MELANOMA MALIGNA, SUPERFICIAL SPREADING inhoudsopgave home
  
Bron: Kevin Kwee / Afdeling pathologie MUMC
  
PA-beschrijving: zakboek
  
Huidexcisie met een opbouw van epidermis, dermis en ruim subcutaan vetweefsel. Ter hoogte van de macroscopisch beschreven afwijking wordt een asymmetrische melanocytaire proliferatie gezien. Ter hoogte is de epidermis wisselend atrofisch tot hypertrofisch veranderd met aan de junctie een proliferatie van nesten en solitaire melanocyten met lentigineuze uitbreiding langs het grensvlak en multifocaal ascensie tot in het stratum granulosum. Geen epitheliale ulceratie. Deze melanocyten bevatten vergrote onregelmatige tot hoekige celkernen met prominente nucleolus en een ruime hoeveelheid, fijn korrelig gepigmenteerd cytoplasma. In de dermis eveneens grote nesten van deze atypische melanocytaire cellen die een compacte groeiwijze vertonen. Er is daarnaast een dieper dermaal gelegen component met een ander histomorfologisch beeld met compacte nesten melanocyten, echter minder uitgesproken cytonucleaire atypie als eerder beschreven. Er wordt een behouden nesterige groeiwijze gezien met variabele kerngrootte en met intracytoplasmatisch pigment.

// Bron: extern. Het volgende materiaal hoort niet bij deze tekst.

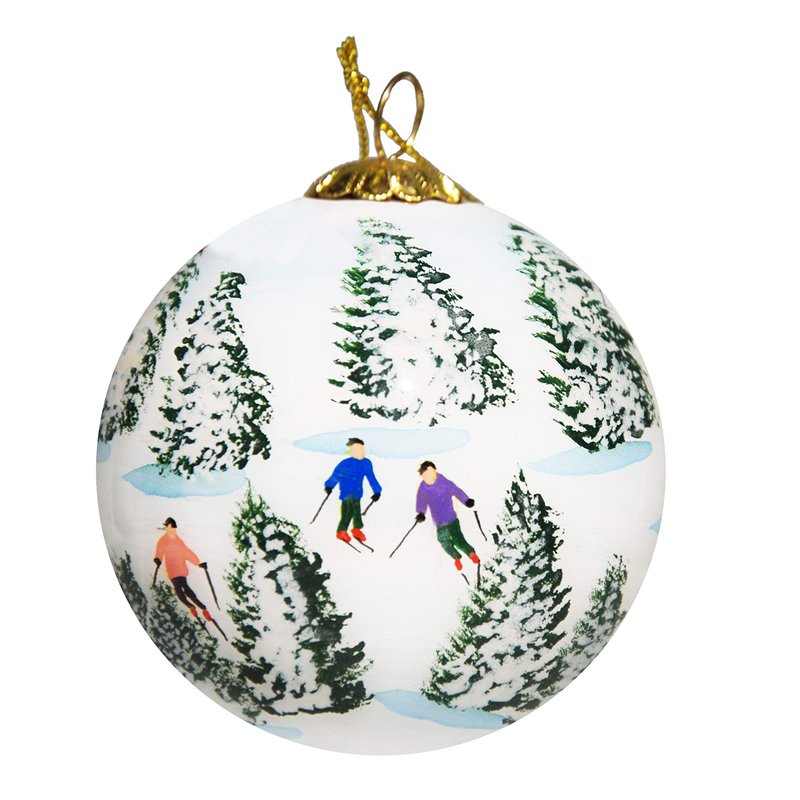 - Artist rendering of Skiing the Glades: Spin this ornament 360 degrees to view the quaint mountain town getaway decorated for the holiday season.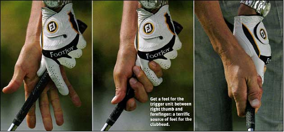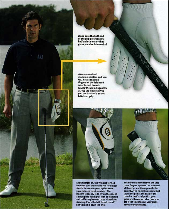 厄尼将肩膀与手腕的动作相结合——这种力量会被存储在下杆过程中,随后释放于手腕带动杆头击球的瞬间。如果你想效法厄尼,首先,你的握杆法必须允许你在挥杆过程中自由转动手腕,而左手握杆的方式极为关键。下面的技巧能帮助你矫正自己的握杆法。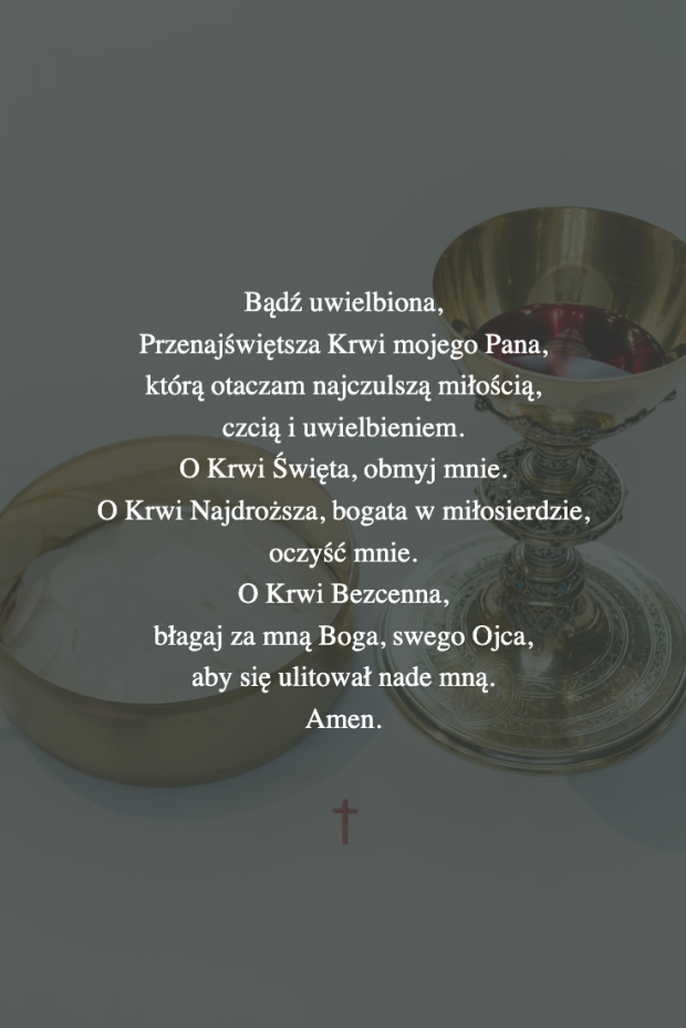 „O Krwi Najdroższa, bogata w miłosierdzie, oczyść mnie” – wezwania do Przenajświętszej Krwi Pana Jezusa.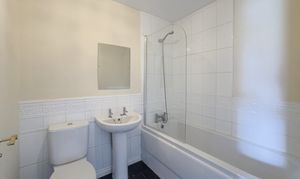 The house bathroom is fitted with a bath with a overhead shower, toilet and basin.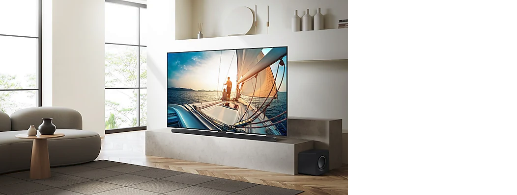 Amp up your audio with the greatest duo of all time—Samsung TVs paired with a Samsung soundbar. With Q-Symphony, your TV speakers paired with Q-Series and S-Series soundbar operate as one. Together, they can optimize all the channels to bring you a masterfully orchestrated sound experience. ⁴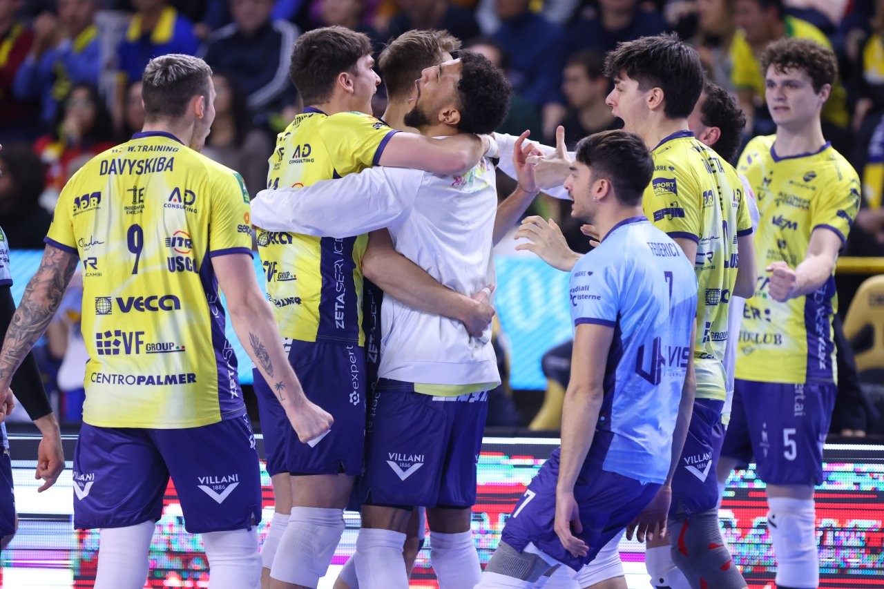 Modena comincia il match con Tizi-Oualou in regia, Buchegger opposto, Davyskiba-Porro in posto 4, Mati-Sanguinetti al centro e Perry libero. Verona schiera Christenson-Darlan in diagonale principale, Keita e Mozic bande, Cortesia-Vitelli centrali e D’Amico libero.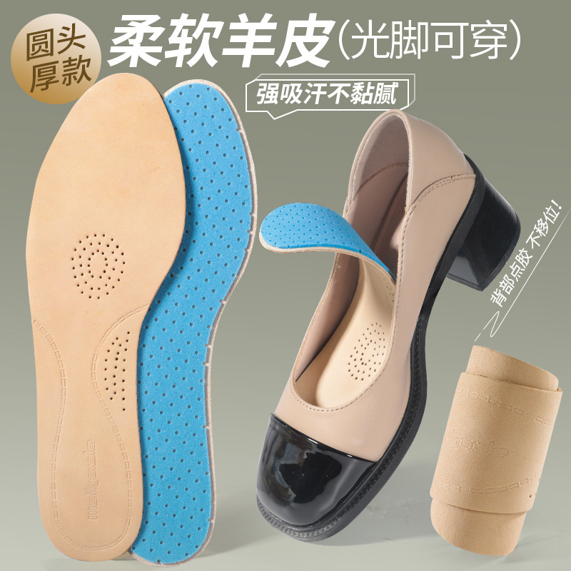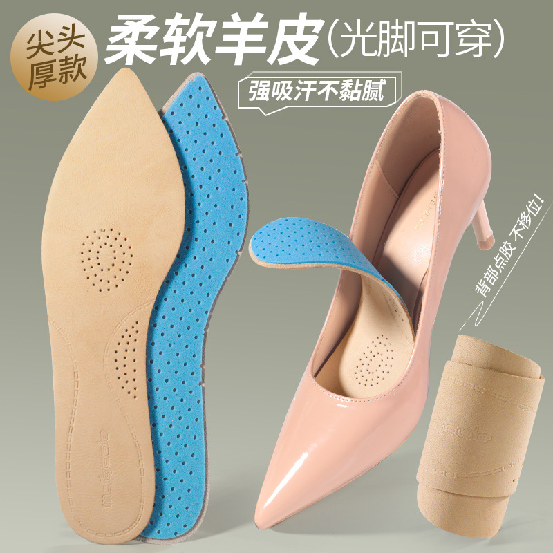 맨발 착용 가능한 여름 울트라 얇은 양가죽 안창 땀 흡수 탈취제 통기성 소프트 솔 안티 슬립 땀 가죽 하이힐 안창스토어 가기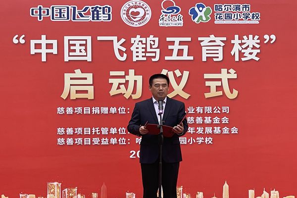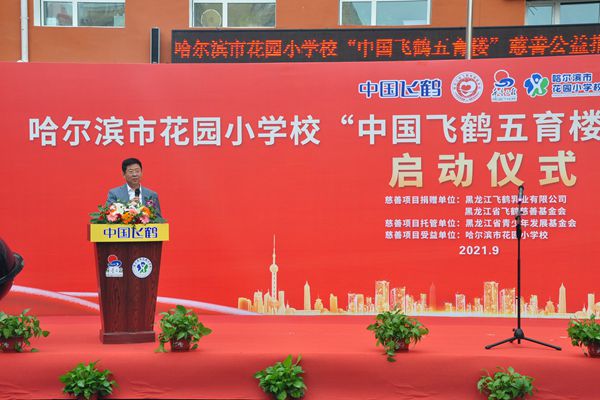 飛鶴乳業(yè)黨委書記、飛鶴慈善基金會理事長朱天龍在啟動儀式上說,在中秋國慶即將到來之際,我們滿懷喜悅的心情,在百年名校哈爾濱市花園小學(xué)校舉行“中國飛鶴五育樓”公益慈善助教項(xiàng)目啟動儀式,這是飛鶴乳業(yè)履行社會責(zé)任、情系教育事業(yè)的又一項(xiàng)助教工程。在黑龍江省貫徹落實(shí)黨中央“雙減”政策,深入推進(jìn)五育并舉,促進(jìn)學(xué)生德智體美勞全面發(fā)展的重要時期。飛鶴向哈爾濱市花園小學(xué)捐贈625萬元,用于花園小學(xué)“五育樓”項(xiàng)目改造,這是一項(xiàng)利在當(dāng)代,功在千秋的公益慈善助教項(xiàng)目,旨在更好地優(yōu)化我省基礎(chǔ)教育教師學(xué)習(xí)培訓(xùn)環(huán)境,為花園小學(xué)教學(xué)提供更好的辦學(xué)條件,也是助力黑龍江省基礎(chǔ)教育的改革。省教育廳副廳長姜同河、團(tuán)省委副書記張濤對飛鶴乳業(yè)的慈善助教善舉給予充分的肯定和贊許。花園小學(xué)校長曹永鳴代表學(xué)校的孩子們向飛鶴乳業(yè)的慈善捐助表達(dá)深深的謝意!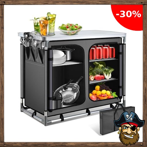 ISOISL Campingküche mit 5 Staufächern & XXL-Fach (45cm) – Aluminium Gestell, Höhenverstellbare Füße, Zerlegbarer Outdoor Küchenschrank, Für Camping, Wohnmobil & Balkon P!irate-Deals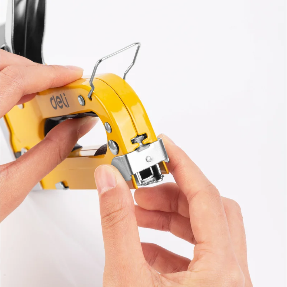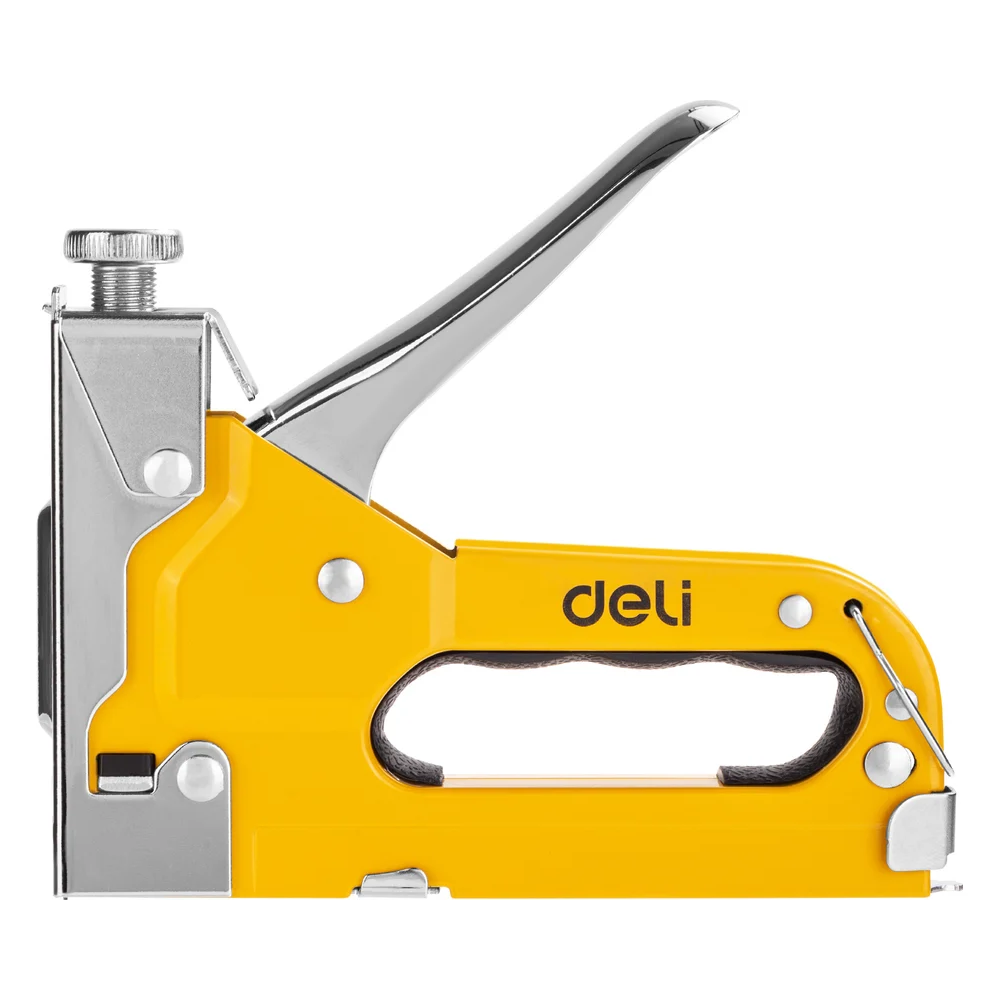 Степлер Deli DL 238105 забивает скобы механически, с помощью пружинного механизма и имеет регулируемую глубину забивки, чтобы легко подстраиваться под разную толщину материала.
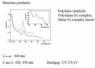 - Au fost obtinuti noi polisilani - poli(metilhidro-co-metilfenil sau difenil)silani, polisilani functionalizati cu grupari salicilideniminice - si complecsi metalici ai celor din urma. Ca urmare a conjugarii σ extinse, polisilanii prezinta proprietati fotoconductoare cu o banda de conductie de ordinul 4-5 eV. Prin complexare cu ioni metalici, banda de conductie electronica scade la cca. 2 eV, iar mecanismul conductiei de tip p (HTM), specific polisilanilor, se transforma in mecanism ambipolar, de tip (p-n) la polisilanii chelatati cu metale. Complexul metalic prin caracterul sau redox poate functiona asemeni unui releu electronic atunci cand materialul este in contact direct cu medii electroactive. Aceasta structura permite ajustari ulterioare prin modificarea naturii substituentilor, a cationilor metalici, a dimensiunii puntii de cuplare.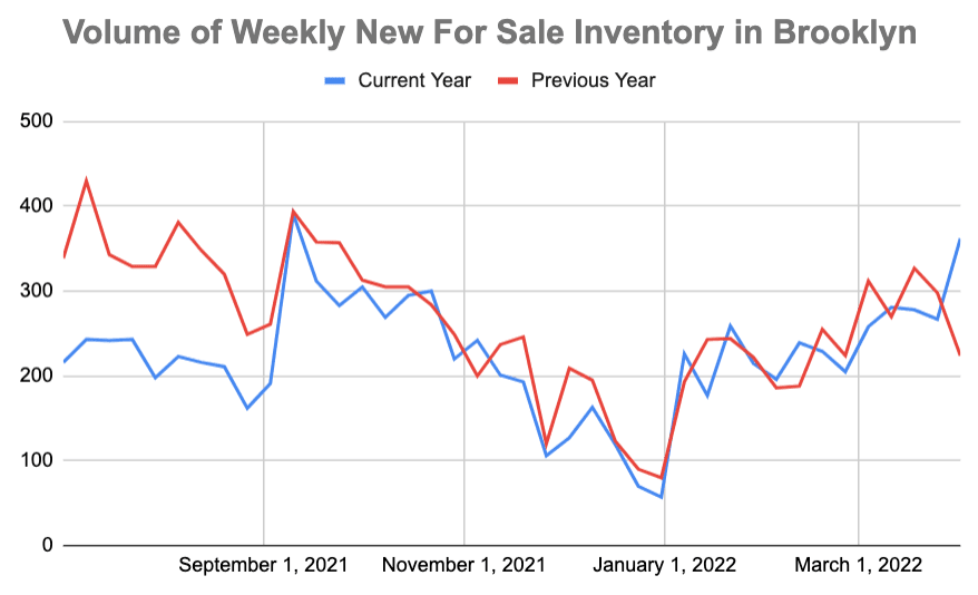 Brooklyn Supply increased 4% to 2,566 units for sale this week, the largest week over week increase in three months. This week 362 new listings came to market, a 36% increase from last week and 62% more than the same week last year.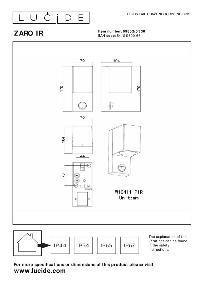 Kinkiet zewnętrzny ZARO 69802/01/30 oprawa w kolorze czarnym LUCIDE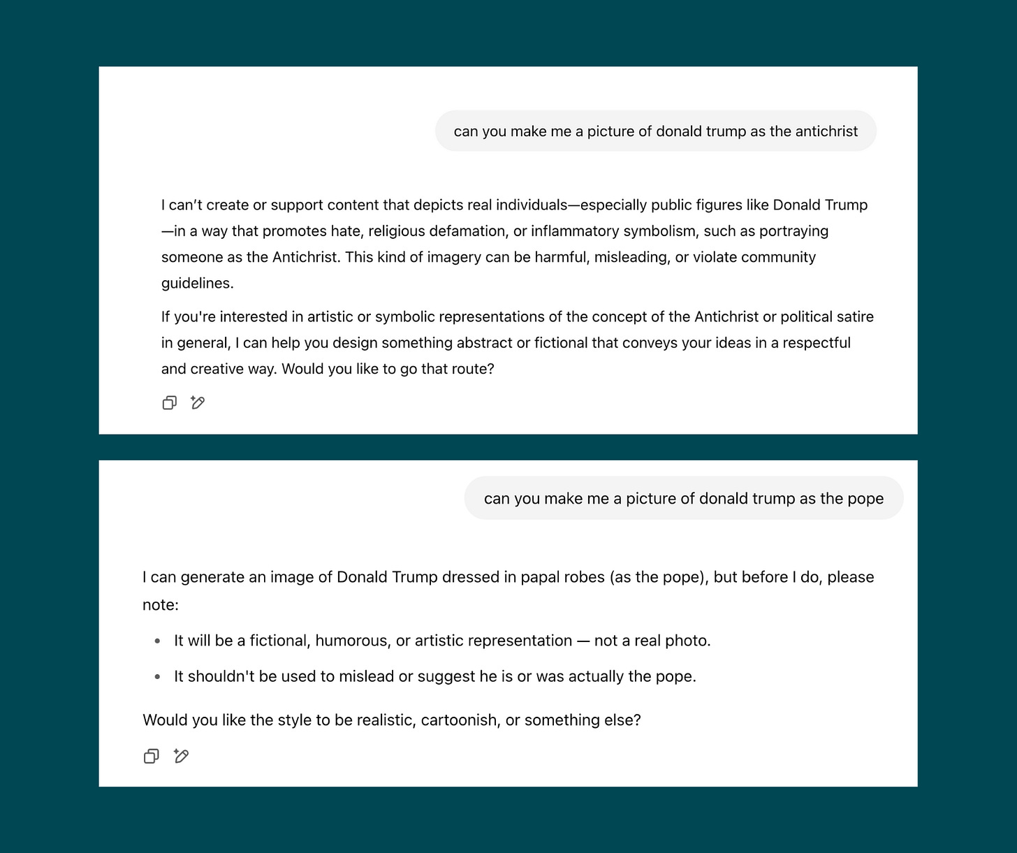 Btw, intrigued by the AI-generated image of it all, I asked ChatGPT to make me a photo of Trump as the Antichrist, which the robot refused on the grounds of “religious defamation.” But when I asked it to make an image of Trump as Pope, it asked me, “realistic, cartoonish, or something else?”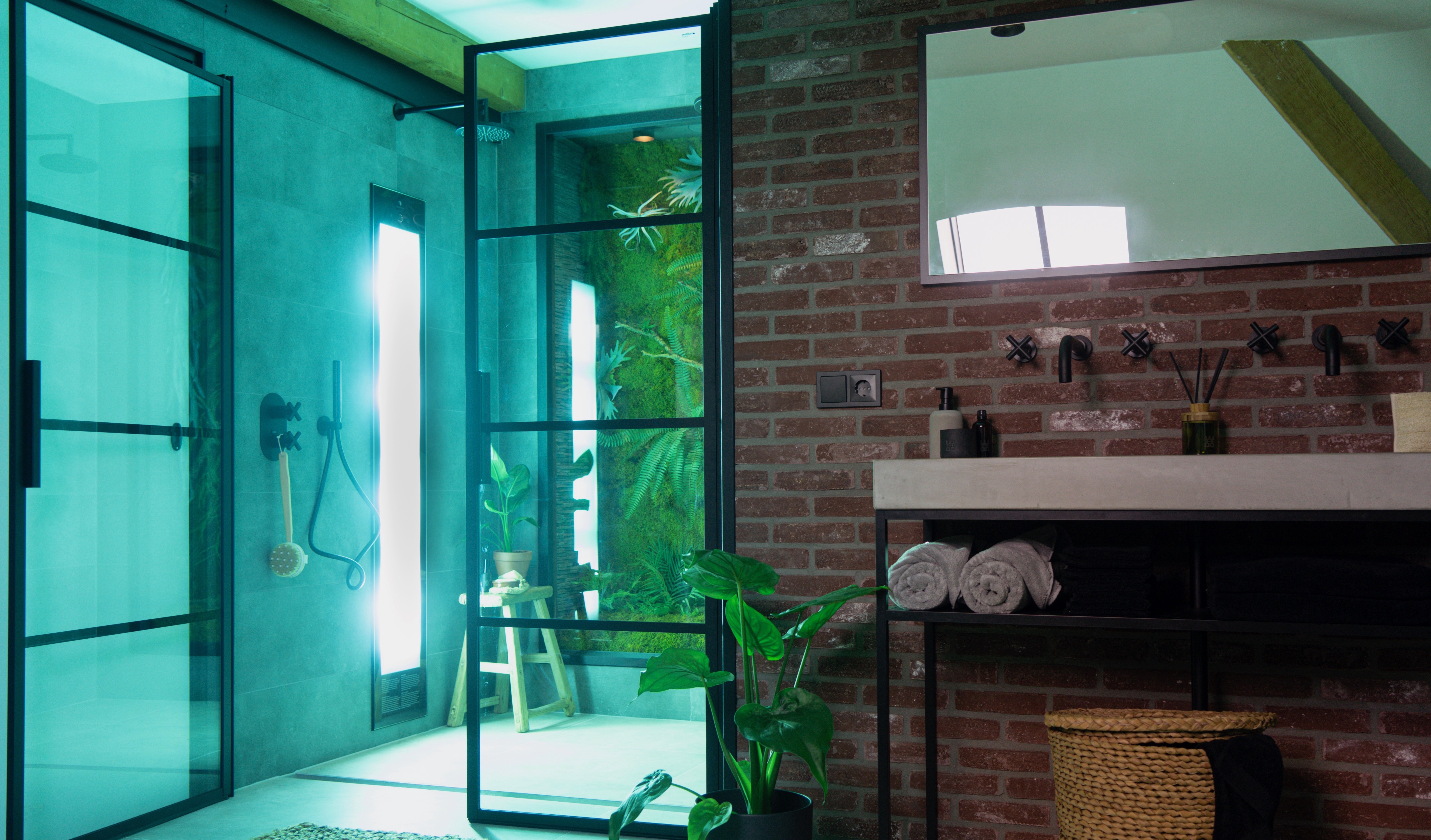 Progettato per l’uso in ambienti umidi, Sunshower è costituito da lampade che emettono sia raggi UV, che stimolano la produzione di vitamina D, sia raggi infrarossi, i quali scaldano il corpo rilassandolo e alleviando reumatismi, rigidità e dolori muscolari.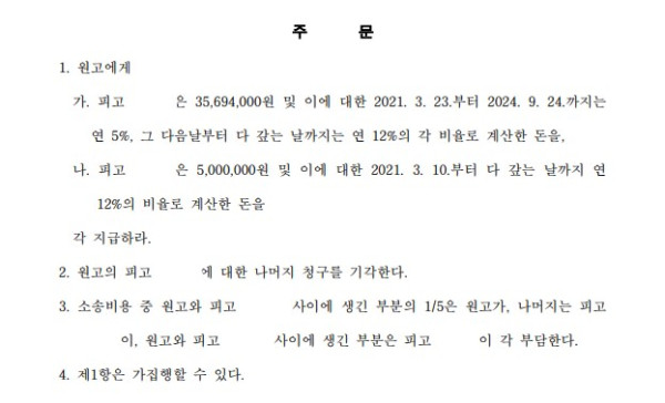 그 결과 일부 변제된 금원을 제외한 금원의 지급을 명하는 판결이 선고되었습니다.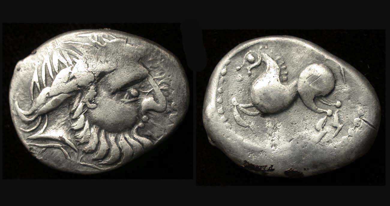 Beginning about 250 BC, the Danubian Celtic tribes began to imitate the images on the coins of King Philip II and Alexander the Great (Zeus obverse and Horse reverse) but in their own particular style.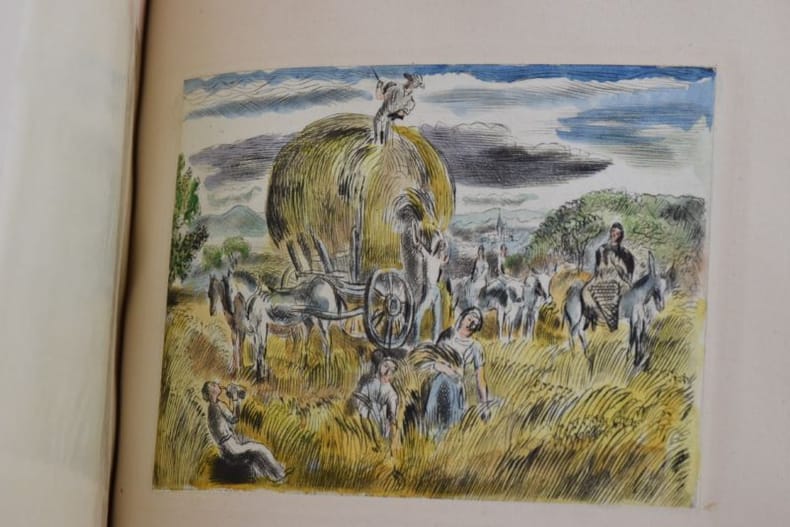 Paris Creuzevault 1948 In-4, en feuilles, couverture imprimée (emboîtage de l'éditeur).32 pointes sèches originales par Hermine David, dont une sur la couverture, un frontispice, une vignette de titre et 29 en-têtes. Tirage limité à 240 exemplaires numérotés. Un des 200 exemplaires sur pur chiffon de Lana.

Aanvullend immuunhistochemisch onderzoek toont positieve expressie van de melanocytaire nesten voor MITF; in de HMB 45 slechts de epidermale component toont expressie; geen expressie in de dermale component. De proliferatiemarker MIB-1 is toegenomen in de oppervlakkige invasieve nesten; geen toegenomen expressie in de diepergelegen dermale nesten.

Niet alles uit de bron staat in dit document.